TRY IT - A faithful, complete transcript of the entries below, without pictures, should be returned.
[DATA SUPPLIED — start]
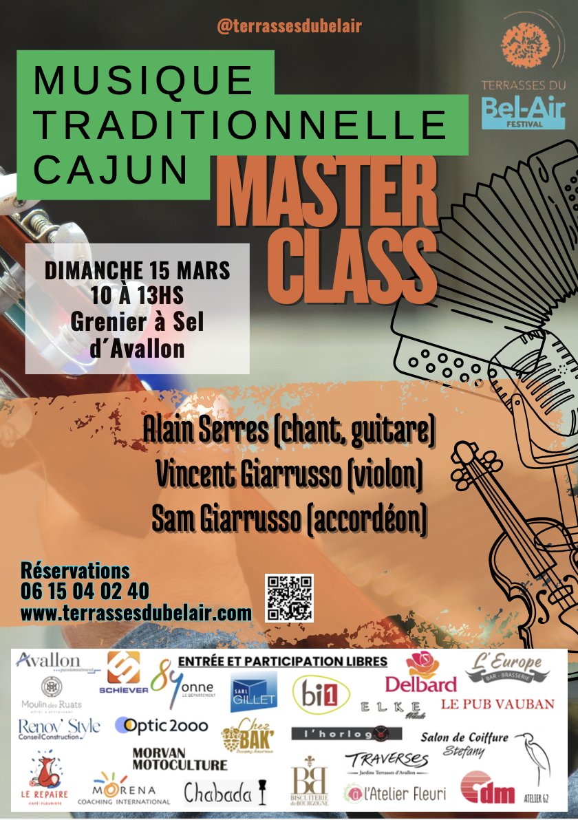 Dans le prolongement du concert, le dimanche 15 mars de 10h à 13h, le Grenier à Sel d'Avallon accueillera une masterclass animée par Alain Serres à la guitare. Une rencontre musicale à destination des musiciens intéressés par la musique franco-louisianaise, ses rythmes, ses répertoires et ses modes de jeu, dans un esprit de partage et de transmission. Un temps dédié aux musiciens amateurs, accessibles à tous, sans prérequis.
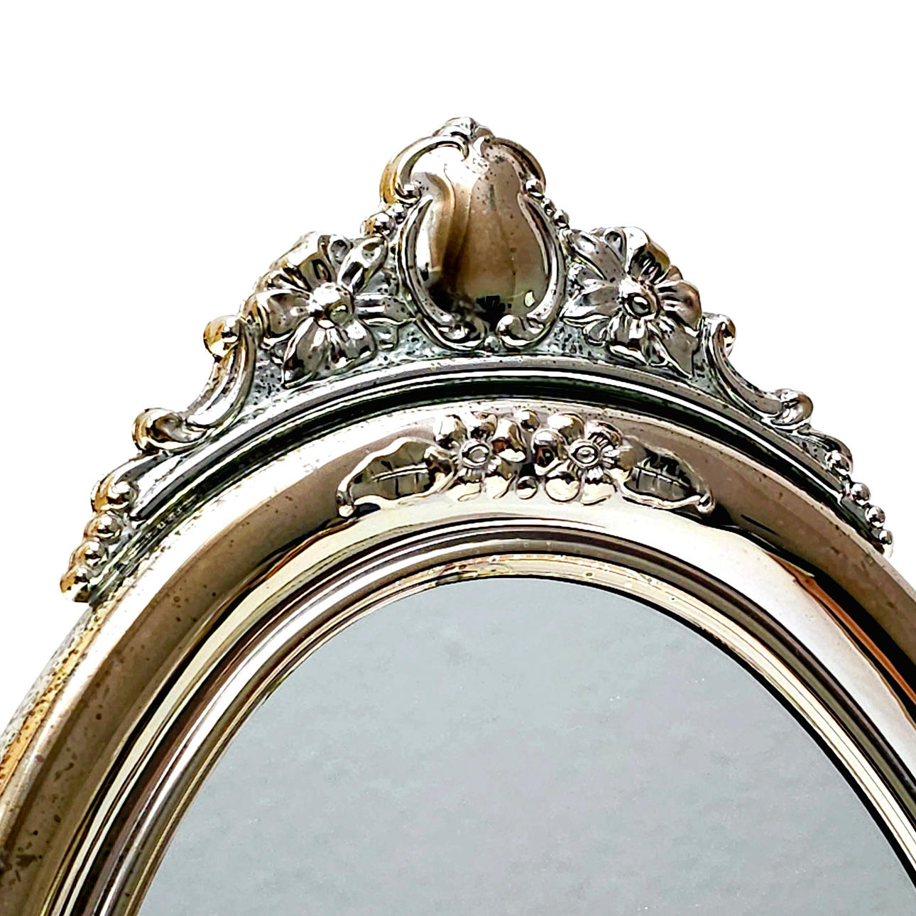 ESPEJO DE SOBREMESA EN PLATA LABRADA.
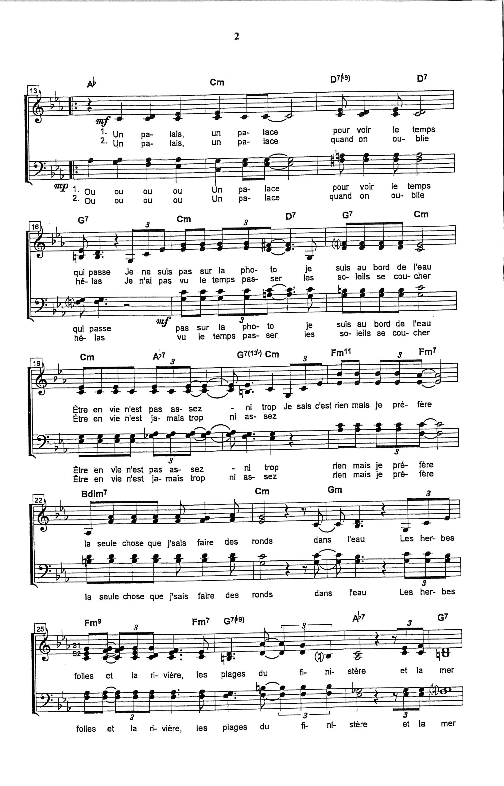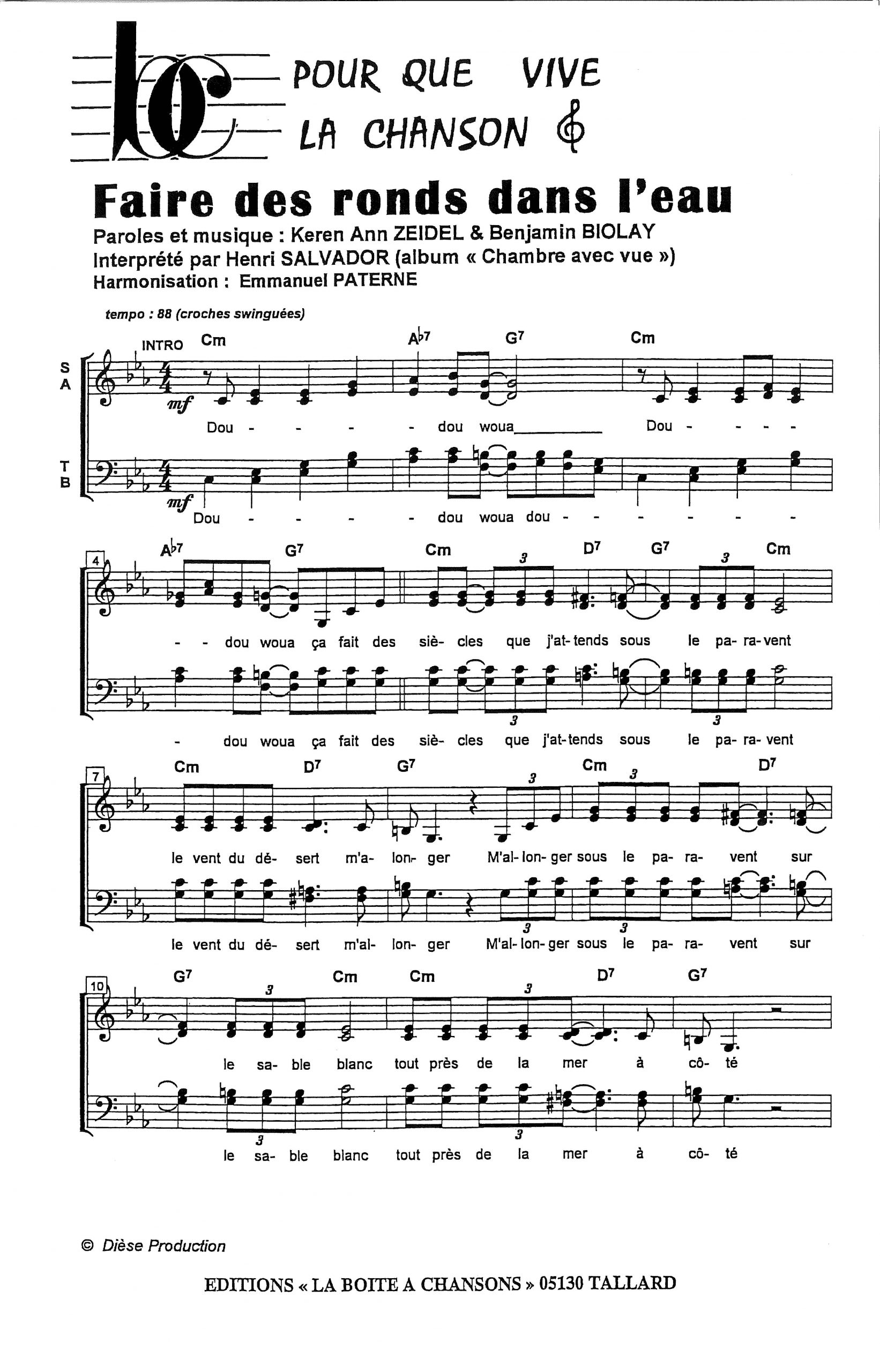 Paroles et musique de ZEIDEL / BIOLAY Harmonisation : Emmanuel PATERNE
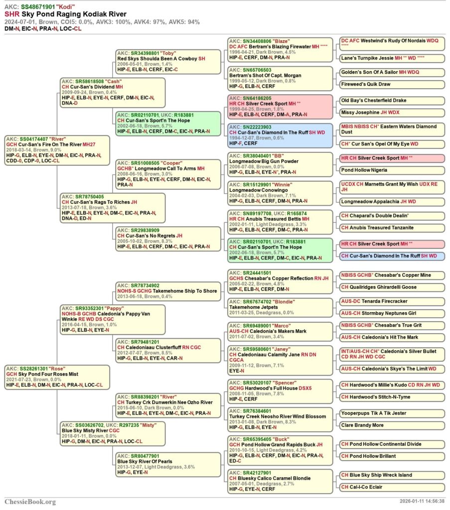 Kodi is co-owned by John Contini of Sky Pond Chesapeakes and Mike Hough of Harrodsburg, KY.
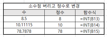 INT 함수는 소수점을 포함하는 실수값에서 소수점 이하의 값을 버리고 주어진 실수보다 크지 않은 정수값으로 내림하는 함수 (즉 소수점을 버리고 정수로 변경)
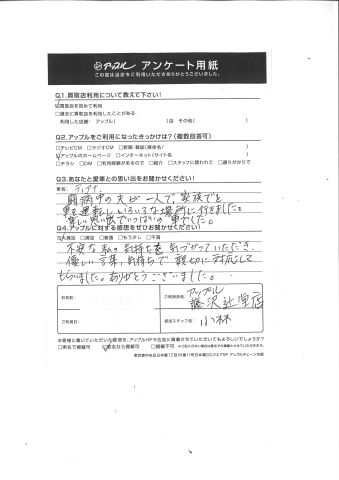不安な私の気持ちを気づかっていただき、優しい言葉、気持ちで親切に対応してもらいました。ありがとうございました。
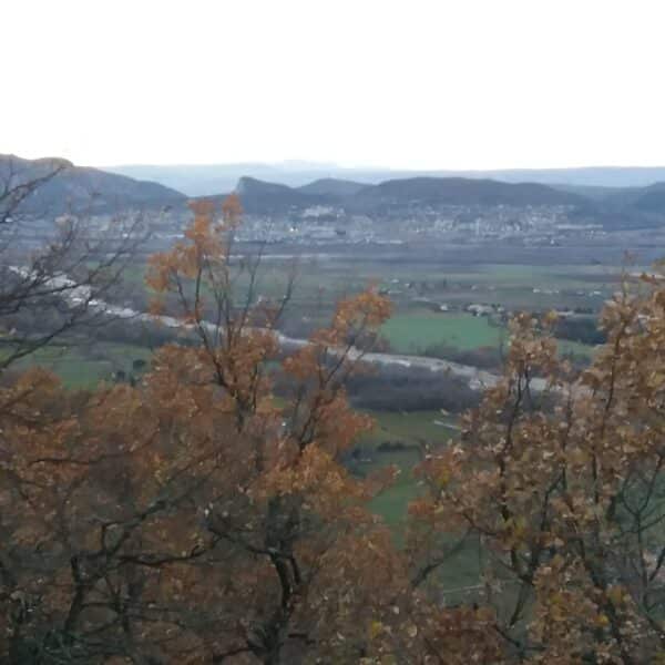 En grimpant jusqu’au sommet, nous longeons l’ancienne enceinte avant d’atteindre les vestiges de la forteresse du Moyen-Age. Le donjon, construit sur le rocher, est de taille impressionnante : nous dominons la vallée et le village de Volx. Une archère a été dégagée. Aux alentours se trouvait l’ancien village de la communauté de la Roque de Volx, abandonné pour difficulté d’accès, en 1443, au profit du nouveau village.De nombreux tas de pierre en témoignent. La translation s’est effectuée à la suite d’un accord entre la communauté et les seigneurs de Brancas de l’ancien village de La Roque.
[DATA SUPPLIED — finish]
WRITTEN RESPONSE -
 Dans le prolongement du concert, le dimanche 15 mars de 10h à 13h, le Grenier à Sel d'Avallon accueillera une masterclass animée par Alain Serres à la guitare. Une rencontre musicale à destination des musiciens intéressés par la musique franco-louisianaise, ses rythmes, ses répertoires et ses modes de jeu, dans un esprit de partage et de transmission. Un temps dédié aux musiciens amateurs, accessibles à tous, sans prérequis.
 ESPEJO DE SOBREMESA EN PLATA LABRADA.
 Paroles et musique de ZEIDEL / BIOLAY Harmonisation : Emmanuel PATERNE
 Kodi is co-owned by John Contini of Sky Pond Chesapeakes and Mike Hough of Harrodsburg, KY.
 INT 함수는 소수점을 포함하는 실수값에서 소수점 이하의 값을 버리고 주어진 실수보다 크지 않은 정수값으로 내림하는 함수 (즉 소수점을 버리고 정수로 변경)
不安な私の気持ちを気づかっていただき、優しい言葉、気持ちで親切に対応してもらいました。ありがとうございました。
 En grimpant jusqu’au sommet, nous longeons l’ancienne enceinte avant d’atteindre les vestiges de la forteresse du Moyen-Age. Le donjon, construit sur le rocher, est de taille impressionnante : nous dominons la vallée et le village de Volx. Une archère a été dégagée. Aux alentours se trouvait l’ancien village de la communauté de la Roque de Volx, abandonné pour difficulté d’accès, en 1443, au profit du nouveau village.De nombreux tas de pierre en témoignent. La translation s’est effectuée à la suite d’un accord entre la communauté et les seigneurs de Brancas de l’ancien village de La Roque.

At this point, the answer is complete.